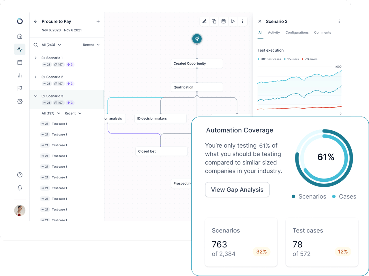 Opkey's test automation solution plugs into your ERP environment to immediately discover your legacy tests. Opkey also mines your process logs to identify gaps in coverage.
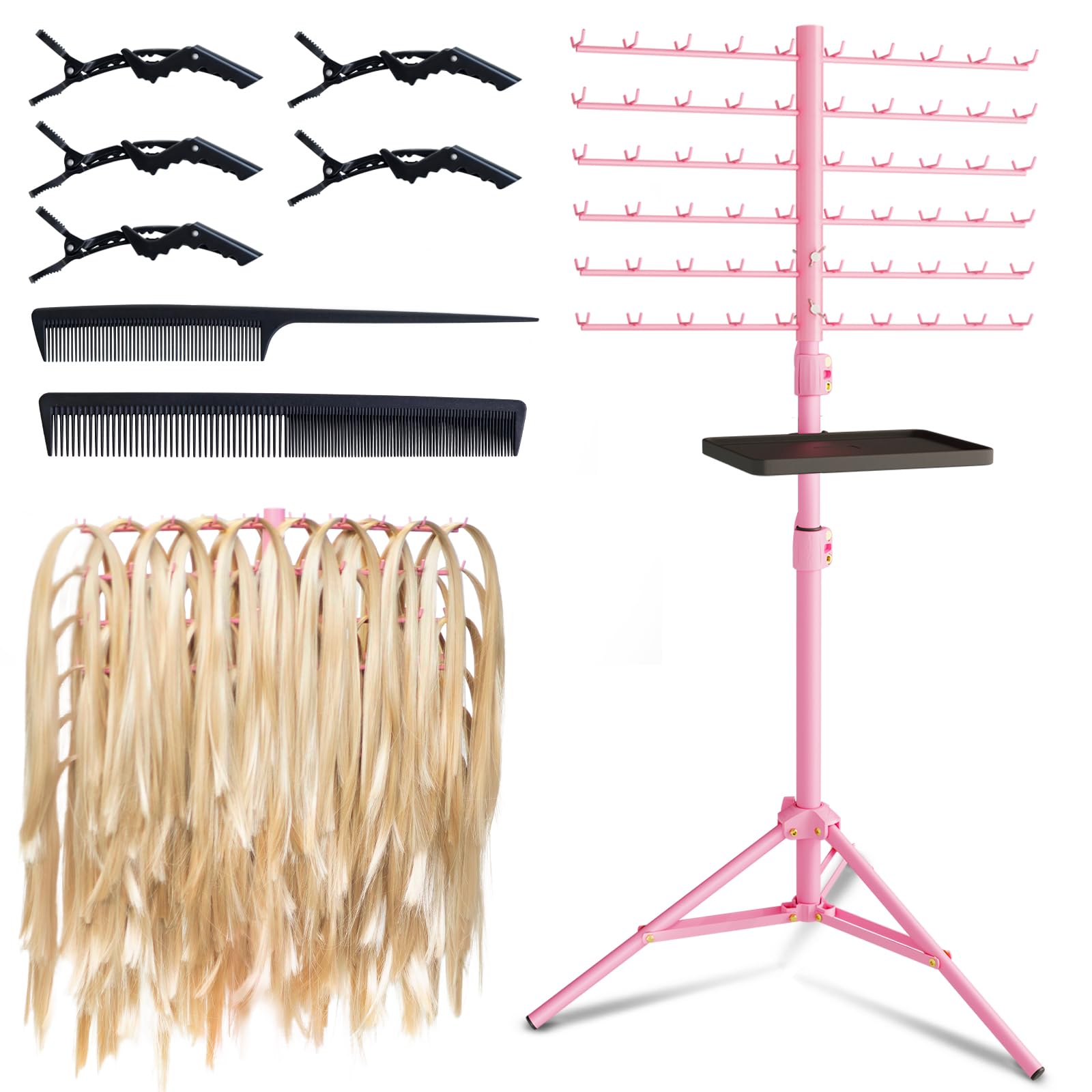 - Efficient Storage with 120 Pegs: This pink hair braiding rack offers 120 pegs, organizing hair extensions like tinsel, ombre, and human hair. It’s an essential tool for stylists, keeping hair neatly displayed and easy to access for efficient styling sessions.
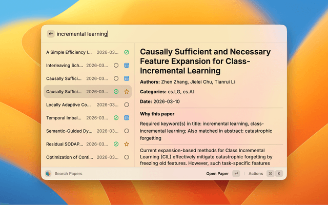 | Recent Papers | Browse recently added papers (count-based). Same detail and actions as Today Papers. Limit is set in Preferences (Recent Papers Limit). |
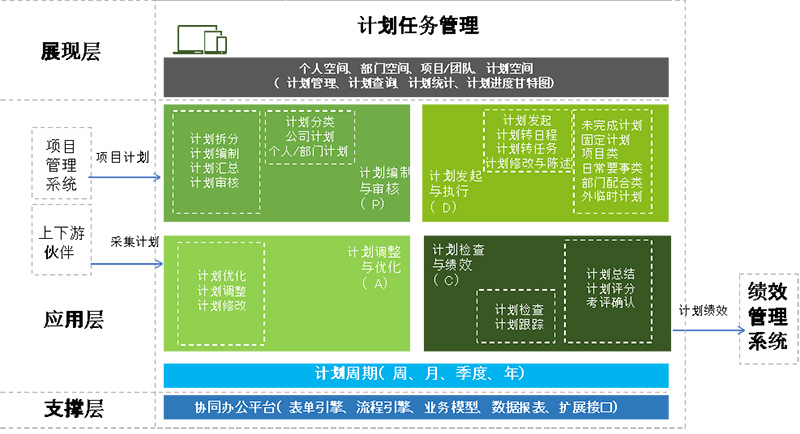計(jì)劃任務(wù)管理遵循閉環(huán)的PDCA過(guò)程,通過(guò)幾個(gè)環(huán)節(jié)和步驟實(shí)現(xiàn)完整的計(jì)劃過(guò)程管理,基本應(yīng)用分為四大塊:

····················

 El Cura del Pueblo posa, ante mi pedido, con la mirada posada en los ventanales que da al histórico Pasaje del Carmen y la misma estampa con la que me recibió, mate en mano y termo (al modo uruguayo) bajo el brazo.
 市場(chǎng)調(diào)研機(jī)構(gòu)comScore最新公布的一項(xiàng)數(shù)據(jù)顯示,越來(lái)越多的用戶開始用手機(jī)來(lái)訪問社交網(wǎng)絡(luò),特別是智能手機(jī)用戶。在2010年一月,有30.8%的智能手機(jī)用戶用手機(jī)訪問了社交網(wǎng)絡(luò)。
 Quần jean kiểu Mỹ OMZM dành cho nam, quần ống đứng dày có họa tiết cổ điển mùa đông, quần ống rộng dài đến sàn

····················

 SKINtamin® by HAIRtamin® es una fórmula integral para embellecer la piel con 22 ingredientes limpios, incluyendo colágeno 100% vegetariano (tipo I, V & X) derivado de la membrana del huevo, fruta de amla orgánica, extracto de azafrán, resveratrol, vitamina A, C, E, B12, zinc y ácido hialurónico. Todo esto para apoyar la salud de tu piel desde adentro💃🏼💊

····················

**The problem**. Treat the line with "Opkey's test automation" as the start and the line with "計(jì)劃任務(wù)管理" as the end, and return exactly that span of the data above, both ends included, without pictures.

**Solution below**.
 Opkey's test automation solution plugs into your ERP environment to immediately discover your legacy tests. Opkey also mines your process logs to identify gaps in coverage.
 - Efficient Storage with 120 Pegs: This pink hair braiding rack offers 120 pegs, organizing hair extensions like tinsel, ombre, and human hair. It’s an essential tool for stylists, keeping hair neatly displayed and easy to access for efficient styling sessions.
 | Recent Papers | Browse recently added papers (count-based). Same detail and actions as Today Papers. Limit is set in Preferences (Recent Papers Limit). |
計(jì)劃任務(wù)管理遵循閉環(huán)的PDCA過(guò)程,通過(guò)幾個(gè)環(huán)節(jié)和步驟實(shí)現(xiàn)完整的計(jì)劃過(guò)程管理,基本應(yīng)用分為四大塊:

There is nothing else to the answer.